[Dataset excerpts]
━━━━
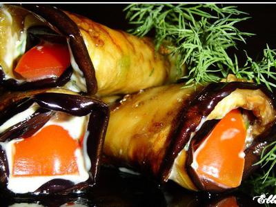 Рулетики из баклажанов с помидорами
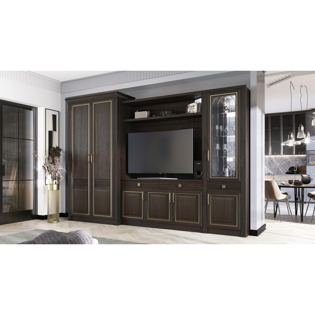 Витрина в гостиную Орлеан 839 ясень темный
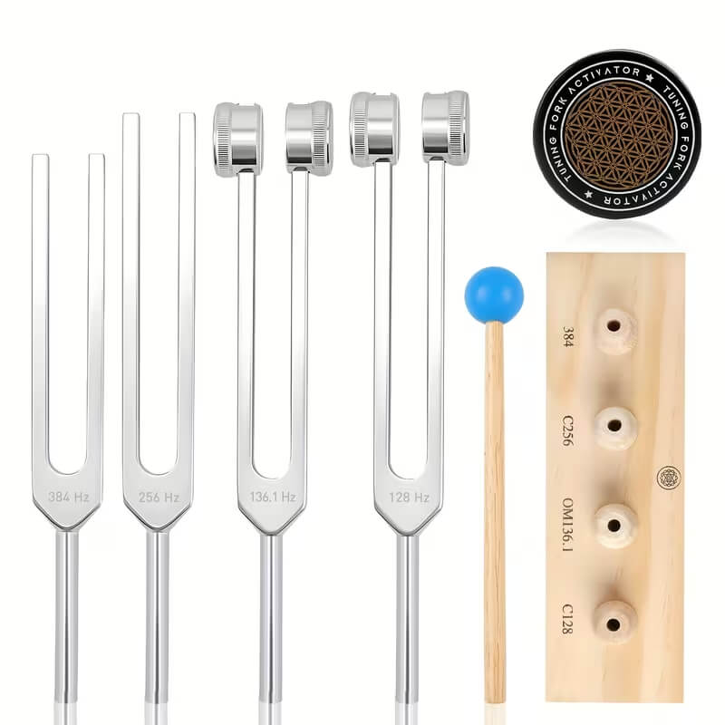 - 4 камертони з анодованого алюмінію з точною настройкою.
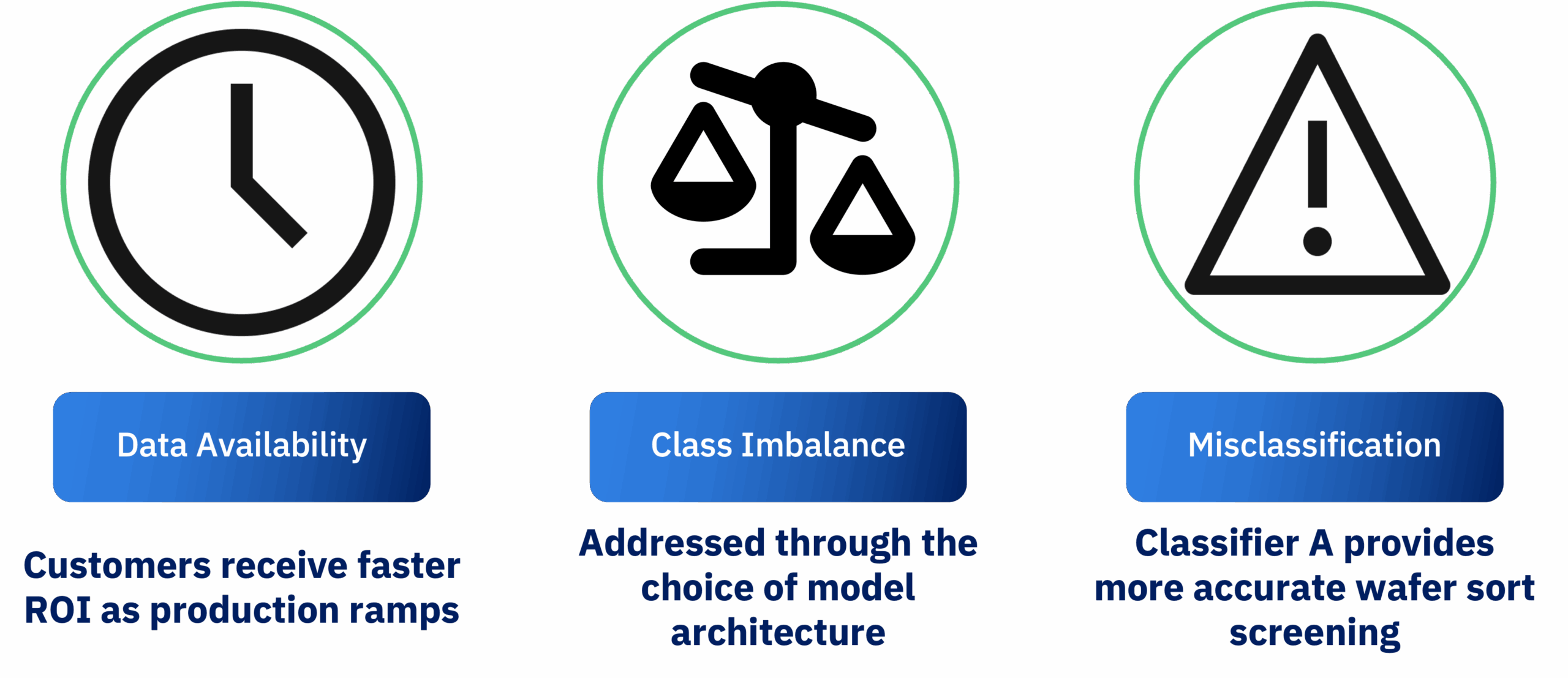 Improved wafer sort to final test prediction accuracy directly reduces downstream waste by preventing defective dies from proceeding through expensive manufacturing steps. The specialized classifier offers substantial value by expertly identifying challenging samples, thereby reducing both Type I and Type II error rates..
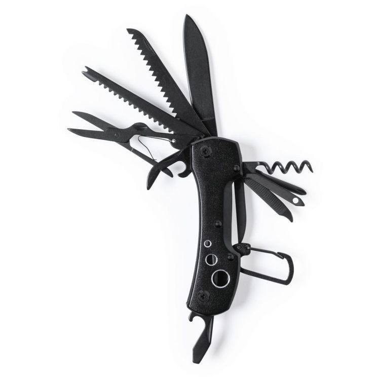 Multi-purpose knife with accessories in stainless steel with black finish. Matching resistant aluminium handle with integrated carabiner. 13 functions, including knife, screwdriver, file, opener, and scissors. Foldable and compact in size, presented in an individual box in black design. (black color)
━━━━
◆ **What is required**:
Once the line containing "Витрина в гостиную Орлеан 839 ясень темный" is found, write out exactly that line and each line after it through the end of the entries, omitting pictures.

◆ **Output for this task**:
 Витрина в гостиную Орлеан 839 ясень темный
 - 4 камертони з анодованого алюмінію з точною настройкою.
 Improved wafer sort to final test prediction accuracy directly reduces downstream waste by preventing defective dies from proceeding through expensive manufacturing steps. The specialized classifier offers substantial value by expertly identifying challenging samples, thereby reducing both Type I and Type II error rates..
 Multi-purpose knife with accessories in stainless steel with black finish. Matching resistant aluminium handle with integrated carabiner. 13 functions, including knife, screwdriver, file, opener, and scissors. Foldable and compact in size, presented in an individual box in black design. (black color)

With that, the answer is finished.